> **GIVEN INFORMATION**
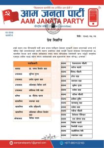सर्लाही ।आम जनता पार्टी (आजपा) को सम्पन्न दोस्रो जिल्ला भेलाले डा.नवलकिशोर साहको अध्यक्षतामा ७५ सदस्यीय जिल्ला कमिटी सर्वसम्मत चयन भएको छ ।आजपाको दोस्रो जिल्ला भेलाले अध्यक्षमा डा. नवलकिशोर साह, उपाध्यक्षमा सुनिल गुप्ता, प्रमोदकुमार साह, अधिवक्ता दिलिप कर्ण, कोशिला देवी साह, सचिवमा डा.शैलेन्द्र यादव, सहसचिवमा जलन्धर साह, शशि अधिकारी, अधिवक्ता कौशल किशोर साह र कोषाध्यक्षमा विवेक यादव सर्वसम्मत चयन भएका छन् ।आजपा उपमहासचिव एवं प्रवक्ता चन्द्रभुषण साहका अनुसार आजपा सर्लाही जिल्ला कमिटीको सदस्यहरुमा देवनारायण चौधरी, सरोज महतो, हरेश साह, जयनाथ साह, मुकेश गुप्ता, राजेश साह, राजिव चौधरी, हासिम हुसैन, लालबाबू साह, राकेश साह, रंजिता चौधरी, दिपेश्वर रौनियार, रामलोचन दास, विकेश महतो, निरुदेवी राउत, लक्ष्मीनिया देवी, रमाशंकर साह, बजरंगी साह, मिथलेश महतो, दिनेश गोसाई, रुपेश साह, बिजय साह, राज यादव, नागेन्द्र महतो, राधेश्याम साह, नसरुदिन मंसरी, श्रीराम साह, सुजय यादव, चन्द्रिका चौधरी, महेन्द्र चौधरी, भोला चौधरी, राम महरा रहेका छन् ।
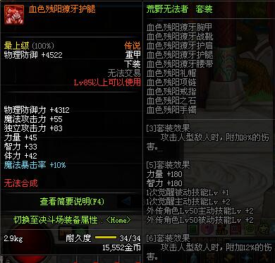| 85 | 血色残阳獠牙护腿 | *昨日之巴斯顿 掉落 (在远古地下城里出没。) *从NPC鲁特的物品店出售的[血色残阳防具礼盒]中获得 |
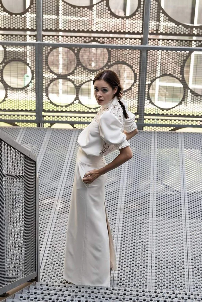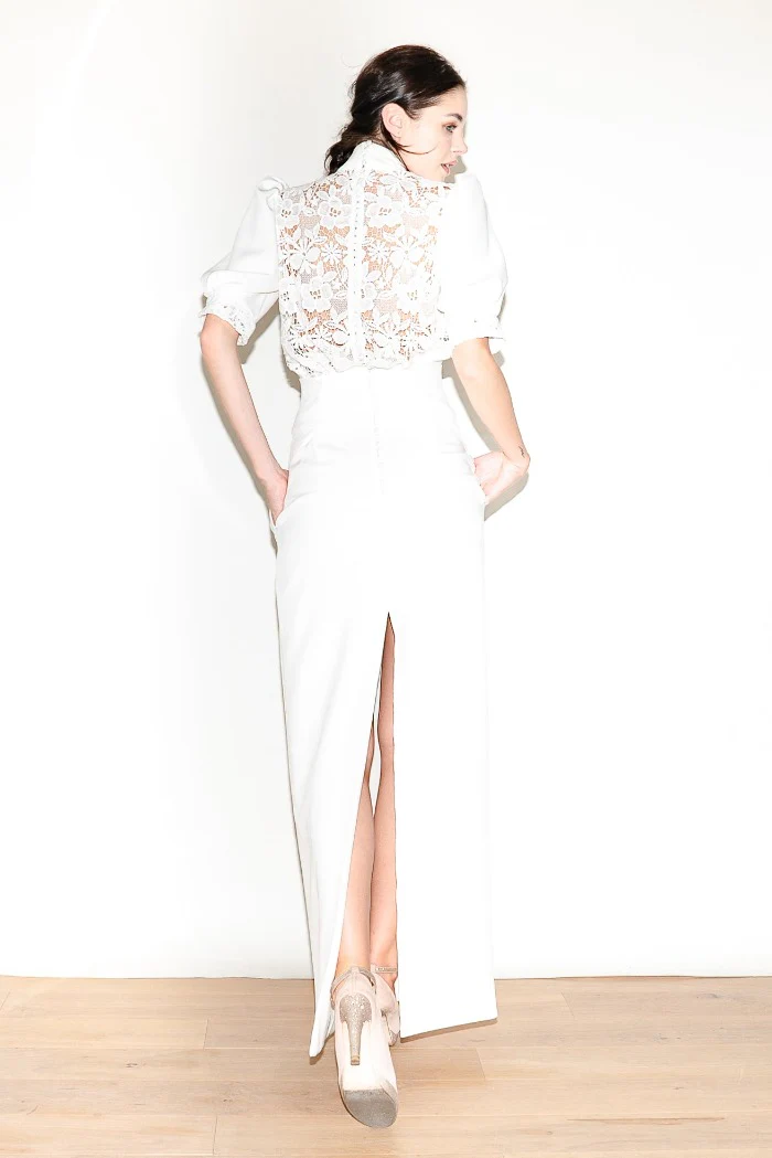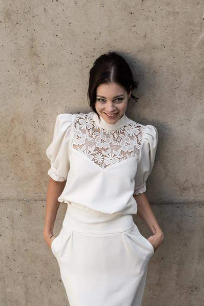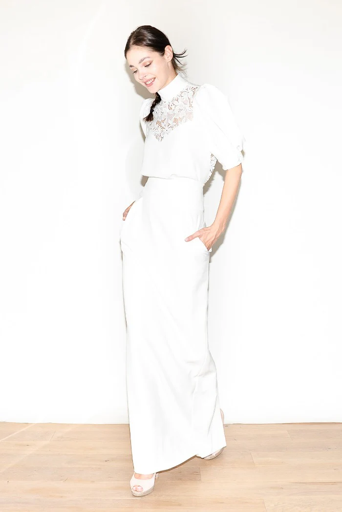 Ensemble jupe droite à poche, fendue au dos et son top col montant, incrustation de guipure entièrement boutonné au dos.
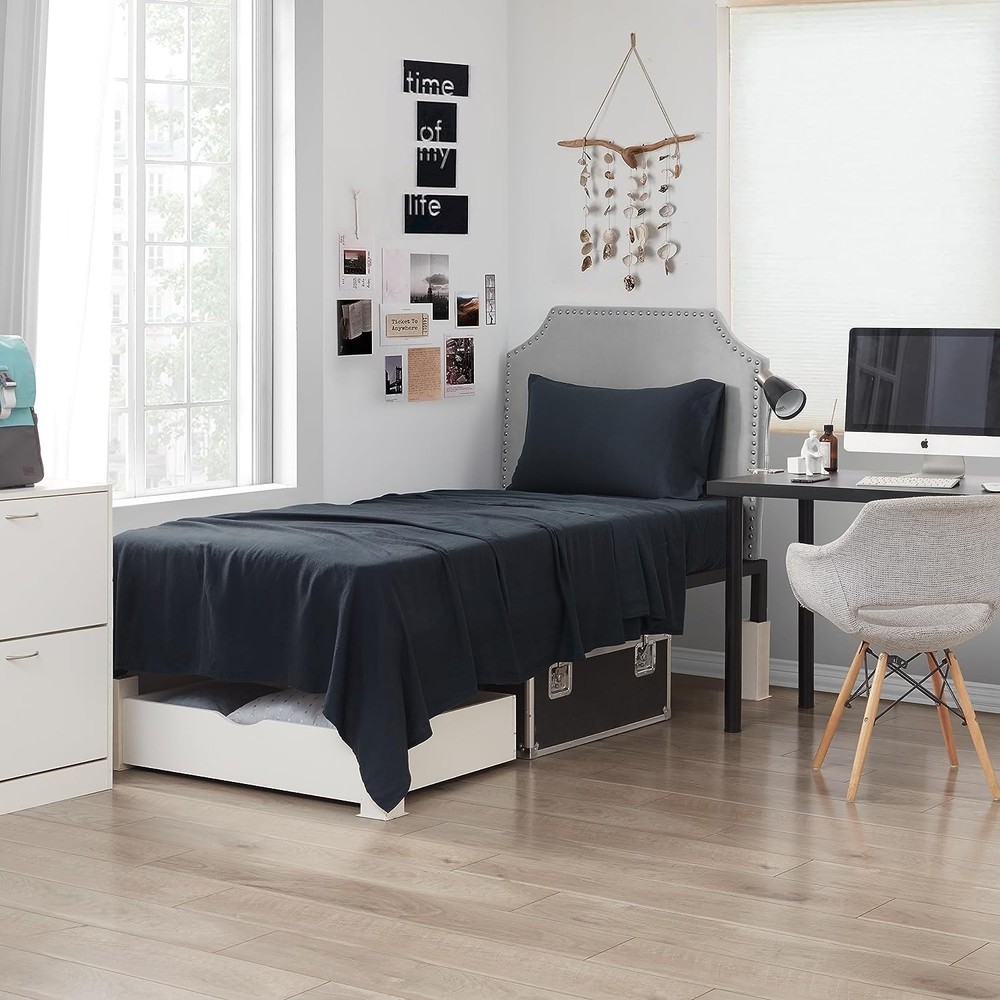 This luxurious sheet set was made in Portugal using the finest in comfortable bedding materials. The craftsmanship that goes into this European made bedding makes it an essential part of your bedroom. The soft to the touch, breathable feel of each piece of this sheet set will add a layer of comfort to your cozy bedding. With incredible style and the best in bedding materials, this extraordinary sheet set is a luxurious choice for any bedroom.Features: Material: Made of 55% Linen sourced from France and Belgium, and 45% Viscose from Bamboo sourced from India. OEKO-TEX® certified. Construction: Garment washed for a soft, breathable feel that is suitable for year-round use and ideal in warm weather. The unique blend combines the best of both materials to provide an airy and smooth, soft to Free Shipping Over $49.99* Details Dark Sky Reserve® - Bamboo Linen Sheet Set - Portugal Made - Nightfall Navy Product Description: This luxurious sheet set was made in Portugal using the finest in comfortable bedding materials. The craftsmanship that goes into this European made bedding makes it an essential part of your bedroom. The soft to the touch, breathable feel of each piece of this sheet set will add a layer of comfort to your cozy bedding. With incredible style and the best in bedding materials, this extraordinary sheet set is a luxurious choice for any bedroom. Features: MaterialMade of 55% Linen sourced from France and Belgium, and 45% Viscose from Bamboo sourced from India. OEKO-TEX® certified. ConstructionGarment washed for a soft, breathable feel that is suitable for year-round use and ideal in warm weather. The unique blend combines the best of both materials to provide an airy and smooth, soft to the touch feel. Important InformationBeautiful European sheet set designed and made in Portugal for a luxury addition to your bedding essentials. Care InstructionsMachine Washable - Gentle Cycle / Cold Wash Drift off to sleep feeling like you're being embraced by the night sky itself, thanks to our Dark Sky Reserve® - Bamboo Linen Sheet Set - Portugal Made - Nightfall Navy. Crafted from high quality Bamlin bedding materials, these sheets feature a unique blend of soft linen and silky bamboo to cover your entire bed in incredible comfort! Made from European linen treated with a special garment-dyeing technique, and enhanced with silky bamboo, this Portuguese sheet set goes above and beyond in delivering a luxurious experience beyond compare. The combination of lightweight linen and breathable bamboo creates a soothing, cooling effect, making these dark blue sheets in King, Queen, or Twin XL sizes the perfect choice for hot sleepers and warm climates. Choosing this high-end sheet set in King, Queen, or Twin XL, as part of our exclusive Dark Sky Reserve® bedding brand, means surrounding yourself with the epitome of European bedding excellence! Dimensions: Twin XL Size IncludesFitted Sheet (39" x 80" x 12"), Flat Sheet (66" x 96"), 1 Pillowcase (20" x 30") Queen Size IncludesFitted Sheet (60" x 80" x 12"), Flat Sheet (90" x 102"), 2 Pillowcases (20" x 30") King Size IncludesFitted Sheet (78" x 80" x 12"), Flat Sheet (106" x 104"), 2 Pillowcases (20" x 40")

...

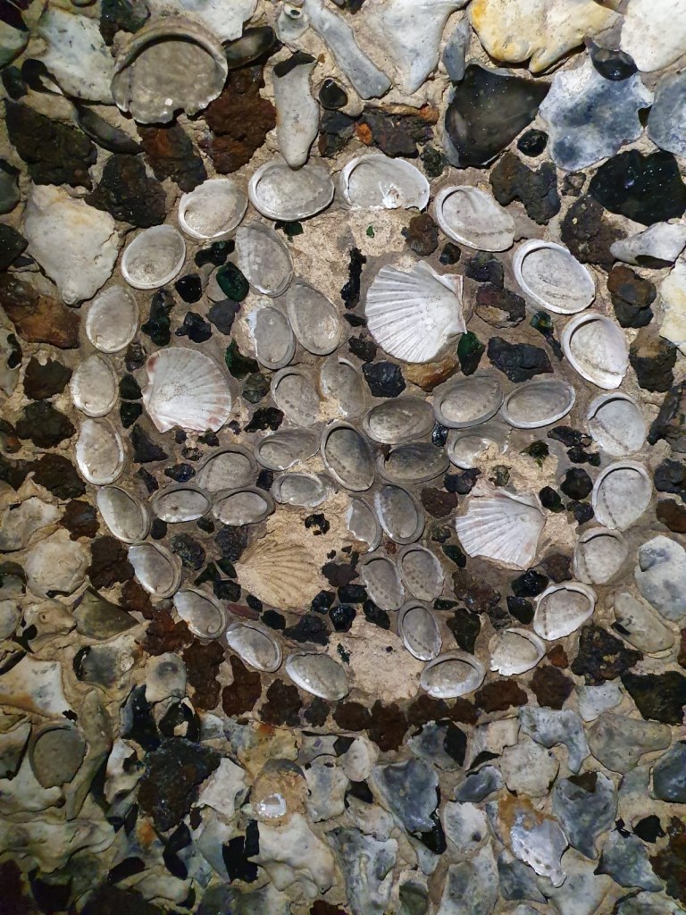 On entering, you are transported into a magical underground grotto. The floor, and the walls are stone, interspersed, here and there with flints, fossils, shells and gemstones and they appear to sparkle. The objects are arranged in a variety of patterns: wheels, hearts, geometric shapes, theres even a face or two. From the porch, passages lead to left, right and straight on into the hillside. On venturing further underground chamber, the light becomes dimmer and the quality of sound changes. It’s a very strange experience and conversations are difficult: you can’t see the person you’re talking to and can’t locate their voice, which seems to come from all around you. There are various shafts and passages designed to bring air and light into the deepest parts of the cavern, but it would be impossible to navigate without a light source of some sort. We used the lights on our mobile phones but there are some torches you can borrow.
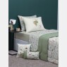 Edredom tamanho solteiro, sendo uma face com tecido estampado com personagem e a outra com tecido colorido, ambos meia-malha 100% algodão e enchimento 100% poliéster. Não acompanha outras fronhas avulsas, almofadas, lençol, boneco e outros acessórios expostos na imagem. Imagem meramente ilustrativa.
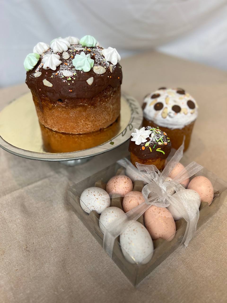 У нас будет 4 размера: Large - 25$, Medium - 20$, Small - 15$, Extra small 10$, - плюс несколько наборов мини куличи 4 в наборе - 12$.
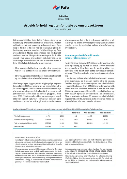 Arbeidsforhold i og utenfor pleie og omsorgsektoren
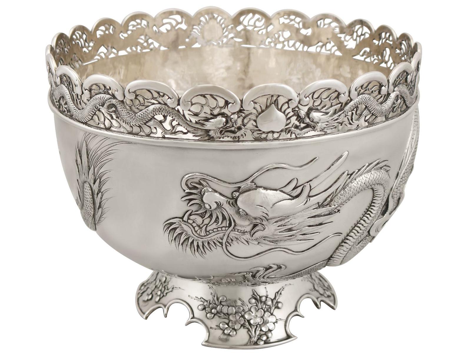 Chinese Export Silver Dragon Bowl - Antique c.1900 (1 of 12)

--

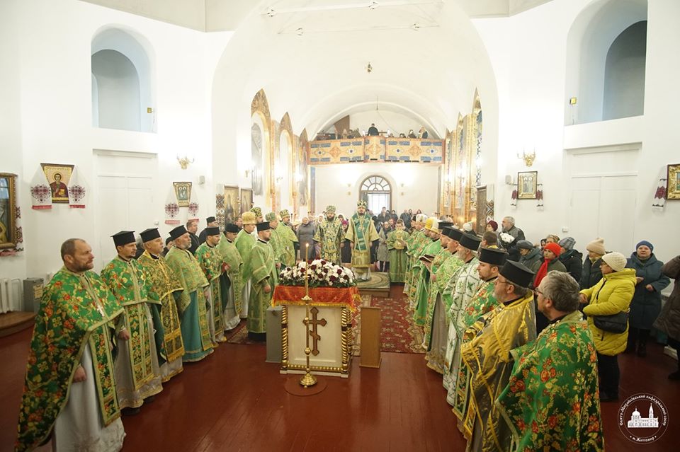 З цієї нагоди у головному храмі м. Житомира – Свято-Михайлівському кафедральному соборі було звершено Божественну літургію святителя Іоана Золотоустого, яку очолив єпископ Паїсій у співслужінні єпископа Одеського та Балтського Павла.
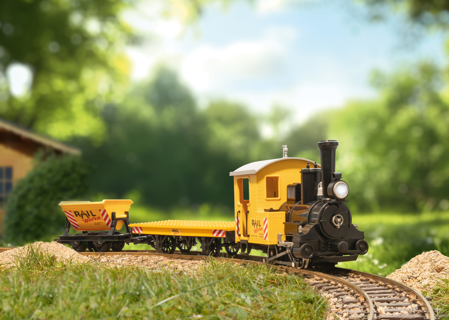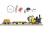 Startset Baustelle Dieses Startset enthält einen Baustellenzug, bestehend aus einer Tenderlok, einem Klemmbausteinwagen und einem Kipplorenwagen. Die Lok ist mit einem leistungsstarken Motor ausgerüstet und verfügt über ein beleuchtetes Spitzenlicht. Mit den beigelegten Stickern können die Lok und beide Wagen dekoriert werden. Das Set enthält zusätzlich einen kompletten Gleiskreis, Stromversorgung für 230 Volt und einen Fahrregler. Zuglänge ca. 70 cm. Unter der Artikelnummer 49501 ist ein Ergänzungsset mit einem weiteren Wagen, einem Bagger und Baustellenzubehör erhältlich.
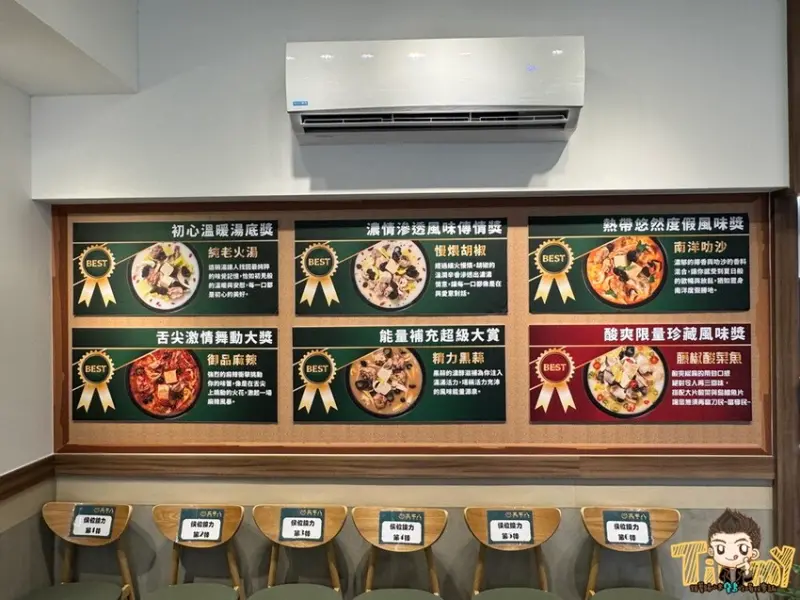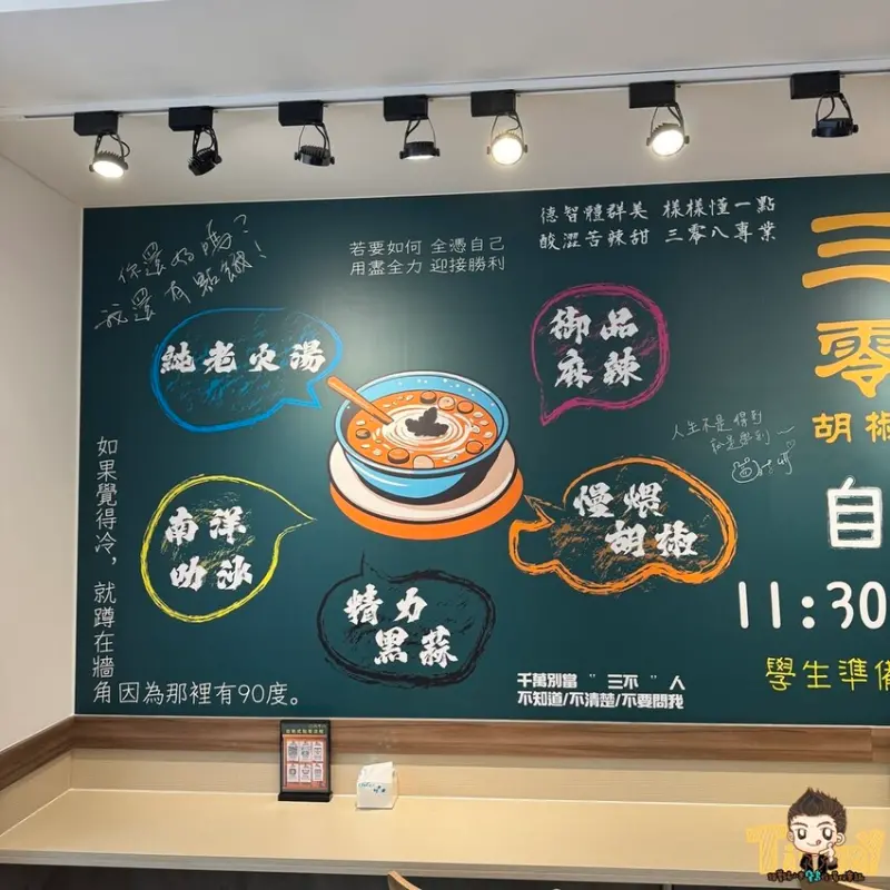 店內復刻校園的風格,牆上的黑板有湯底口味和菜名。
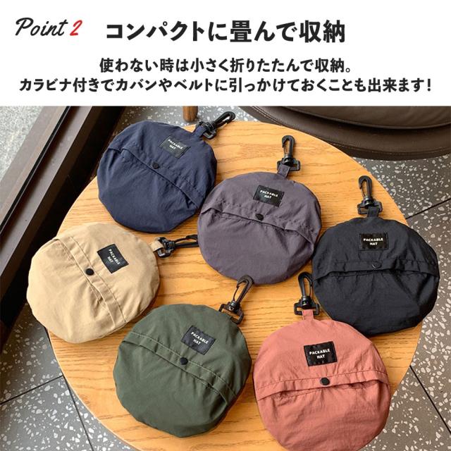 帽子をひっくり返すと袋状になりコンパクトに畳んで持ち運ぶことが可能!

> **WORK INSTRUCTION**
Your answer should be the lines above, word for word, from the line with "店內復刻校園的風格,牆上的黑板有湯底口味和菜名。" through the line with "帽子をひっくり返すと袋状になりコンパクトに畳んで持ち運ぶことが可能!", minus the pictures.

> **ANSWER SPACE**
 店內復刻校園的風格,牆上的黑板有湯底口味和菜名。
 帽子をひっくり返すと袋状になりコンパクトに畳んで持ち運ぶことが可能!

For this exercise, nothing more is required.